■ What to do
Return only the lines of the data below from the line with "我发现这很有帮助,所以发表关于如何关闭兼容性视图:IE10 renders in" up to and including the line with "敷地の北側は総武線の線路のた", exactly as written, with the pictures omitted.

■ Records supplied

Content starts

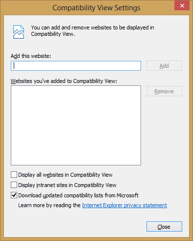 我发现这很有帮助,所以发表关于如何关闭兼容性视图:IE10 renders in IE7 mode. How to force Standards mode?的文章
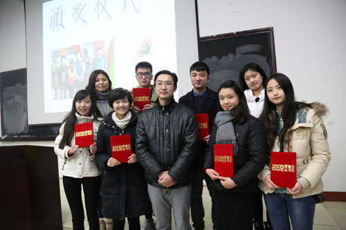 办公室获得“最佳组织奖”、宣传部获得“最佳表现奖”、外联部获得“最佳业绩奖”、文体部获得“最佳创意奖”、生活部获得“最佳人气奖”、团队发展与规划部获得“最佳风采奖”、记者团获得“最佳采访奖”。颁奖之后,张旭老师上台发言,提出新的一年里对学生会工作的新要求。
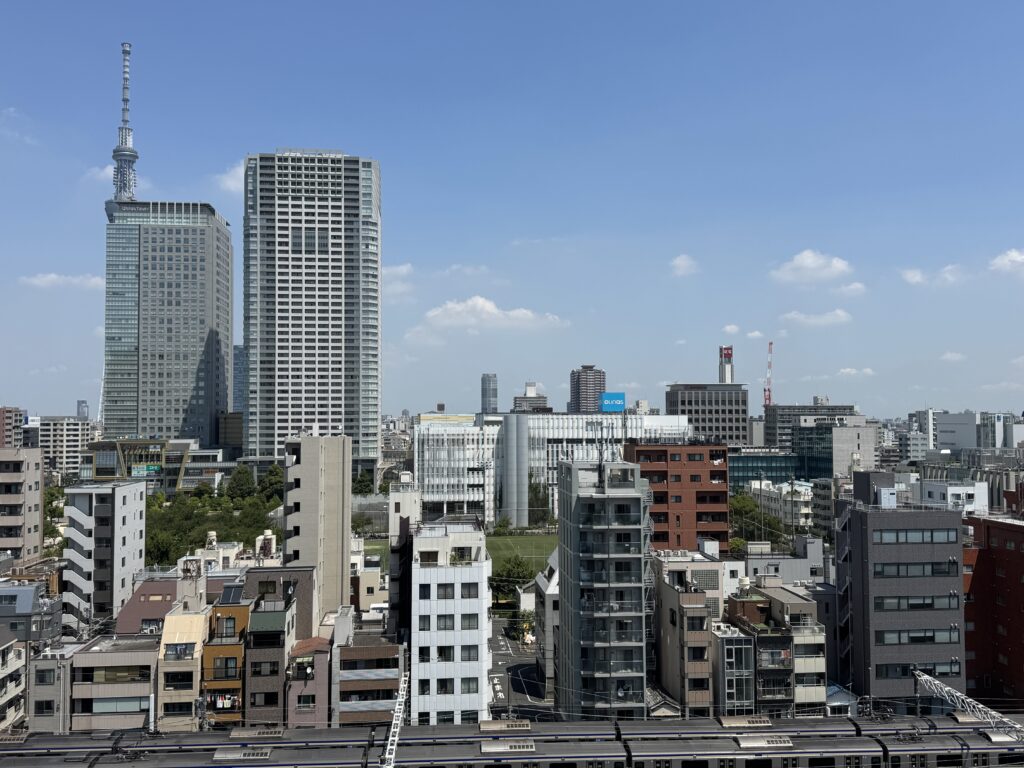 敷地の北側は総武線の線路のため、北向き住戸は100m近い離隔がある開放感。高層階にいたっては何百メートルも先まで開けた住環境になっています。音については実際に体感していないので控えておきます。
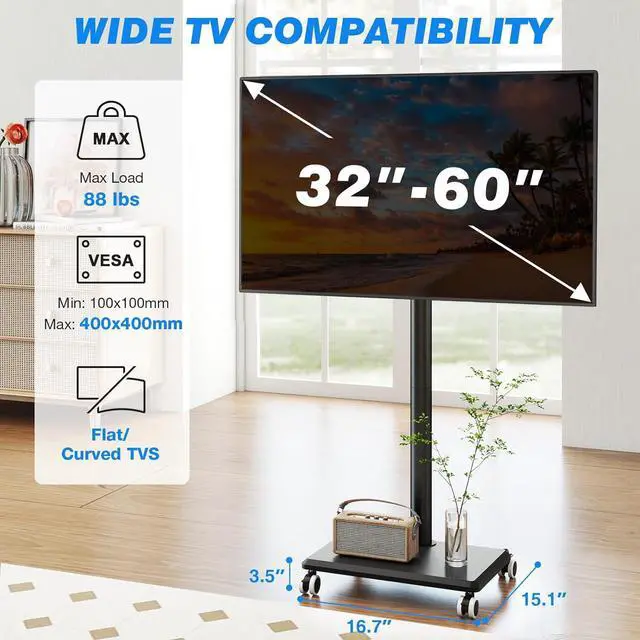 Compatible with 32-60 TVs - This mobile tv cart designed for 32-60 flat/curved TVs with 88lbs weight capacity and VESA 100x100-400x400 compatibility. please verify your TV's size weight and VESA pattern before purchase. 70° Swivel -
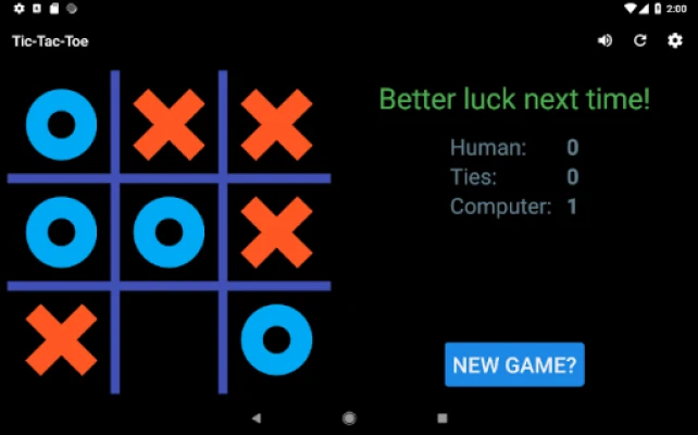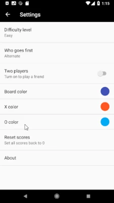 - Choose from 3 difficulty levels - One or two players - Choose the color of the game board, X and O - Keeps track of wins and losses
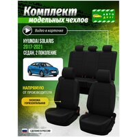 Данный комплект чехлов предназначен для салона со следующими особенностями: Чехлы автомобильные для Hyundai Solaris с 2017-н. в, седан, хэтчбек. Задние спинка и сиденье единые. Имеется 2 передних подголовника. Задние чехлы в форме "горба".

Content ends
Content starts

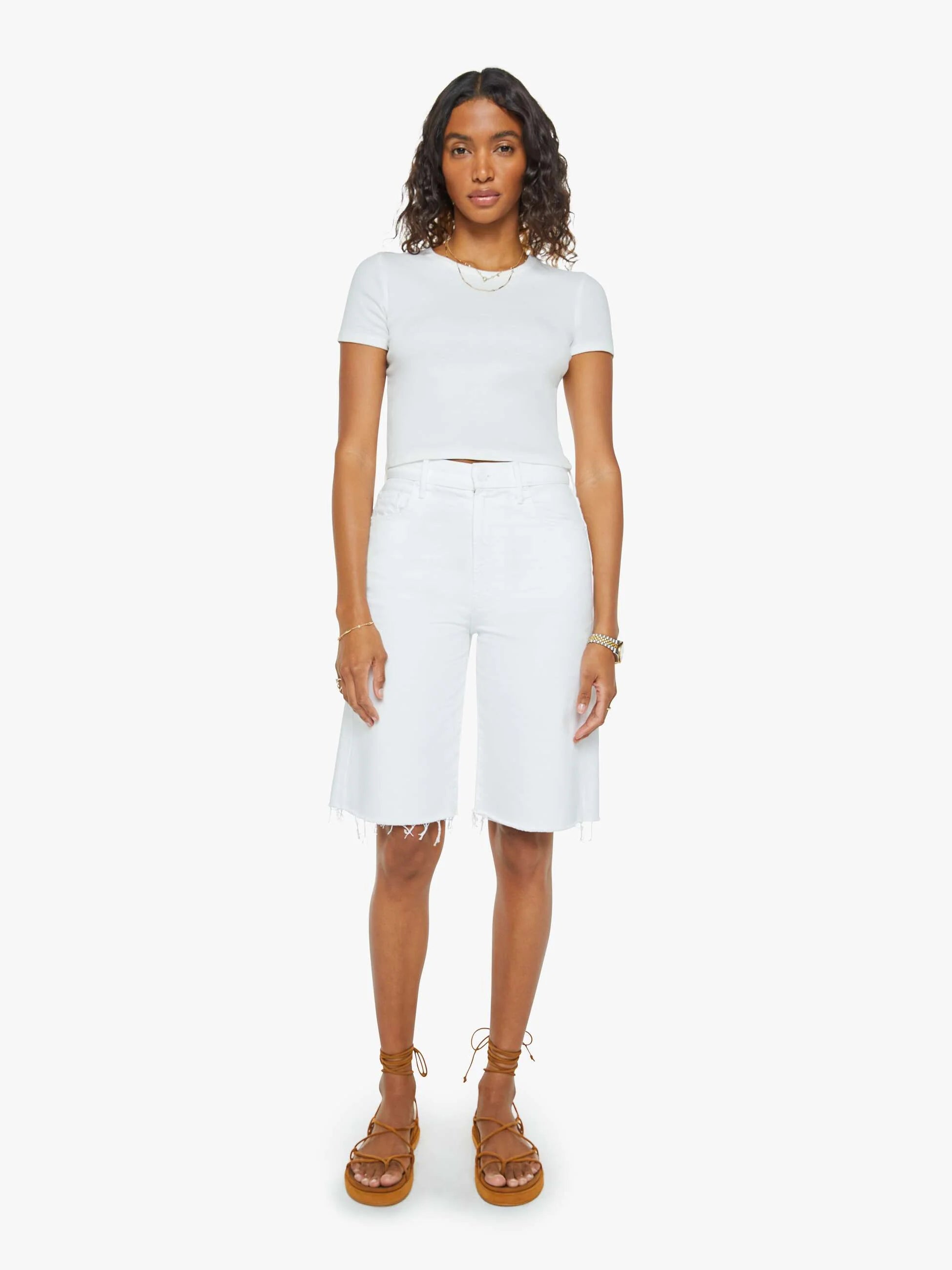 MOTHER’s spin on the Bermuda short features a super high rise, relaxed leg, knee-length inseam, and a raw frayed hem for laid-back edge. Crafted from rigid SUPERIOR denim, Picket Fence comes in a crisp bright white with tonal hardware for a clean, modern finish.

Content ends

■ Solution
 我发现这很有帮助,所以发表关于如何关闭兼容性视图:IE10 renders in IE7 mode. How to force Standards mode?的文章
 办公室获得“最佳组织奖”、宣传部获得“最佳表现奖”、外联部获得“最佳业绩奖”、文体部获得“最佳创意奖”、生活部获得“最佳人气奖”、团队发展与规划部获得“最佳风采奖”、记者团获得“最佳采访奖”。颁奖之后,张旭老师上台发言,提出新的一年里对学生会工作的新要求。
 敷地の北側は総武線の線路のため、北向き住戸は100m近い離隔がある開放感。高層階にいたっては何百メートルも先まで開けた住環境になっています。音については実際に体感していないので控えておきます。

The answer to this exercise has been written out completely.